Mansoor ASHRAF

No 11, Issue 1       

 

 

What Is It To Be ‘National’?: Examining National (In)security, National Identity, Othering and Alternate Imaginations In India

Mansoor ASHRAF

Pages: 39-57

 

Abstract

Strong overarching states have always characterised South Asia. A post-colonial democratic India has been no different. Other than that, of a top-down ‘nationalist’ idea which is an inherently exclusive project, it seems to securitise and consider any other collective sensibility as a threat. It does so because of its insecurities and lingering cartographic anxiety. The paper argues that alternate imaginations can and do co-exist with national imaginations, but the Indian ‘nation-state’ has increasingly had problems with such imaginations. The paper seeks to locate and critically analyse such nationalist insecurities and the multiplicity of alternate imaginations of Pan-South Asianism, sub-nationalisms, other such regionalisms and cosmopolitanisms and their complex interactions in everyday India. The paper employing critical discourse analysis explores how popular alternate imaginations co-exist with, contest, resist, or negotiate with the ‘national’ identity. Without assuming people to be readily more cosmopolitan, it looks at how people respond to the overarching state and its articulation in the everyday – whether they readily accept the ‘manufactured’ picture or go beyond.

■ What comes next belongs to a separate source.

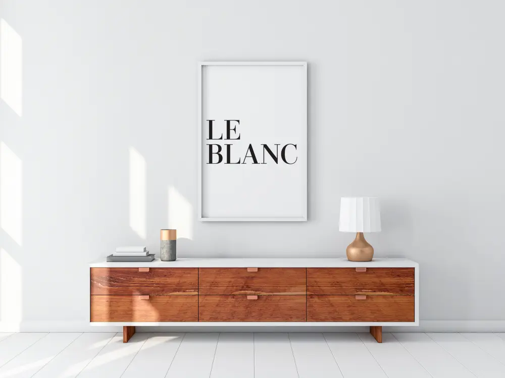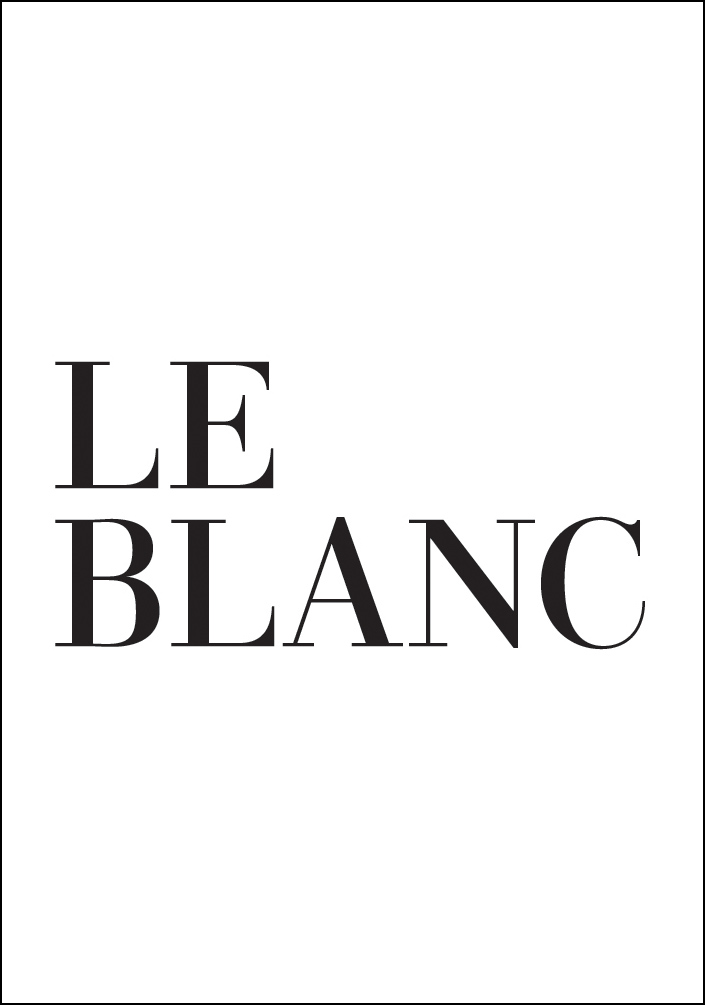 Lihtne ja stiilne tekstiplakat sõnumiga "Le blanc", Valge. Plakat, mis sobib suurepäraselt kaasaegsesse ja minimalistlikku koju ning mis on ideaalne osa suuremast kollaažist.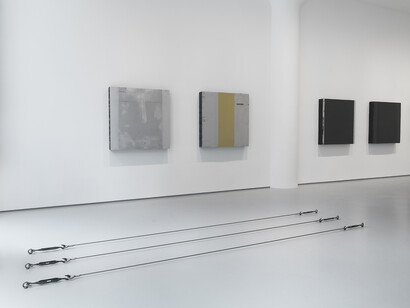 Downstairs, the gallery’s concrete floor has been drilled to accommodate Haraguchi’s Wire Rope sculptures, the first of which was executed in 1970. Thick, horizontal lines of steel rope are bolted to the floor and stretched almost to the breaking point. Visually light but loaded with potential destructive energy, the Wire Rope sculptures occupy a zone distinct from Haraguchi’s peers, such as Fred Sandback and Chris Burden.

It also explores the question of whether such articulations have a differential impact in certain sites and spatialities, especially in the socio-political and geographical margins. Essentially, it asks whether alternate imaginations have to always come at the cost of the loss of nationalist imagination or does it have more to do with how that nationalist imagination gets articulated. The question begs whether popular imaginations have to be necessarily constrained within the ‘container’ of the ‘national’. The paper concludes that top-down national integration that constructs other sensibilities readily as threats en route to a more homogenised national identity creates more problems than what it is purported to solve.

Keywords

Nationalism; National Security; Identity Politics; South Asia; India; Regionalism; Rising Powers; Democracy.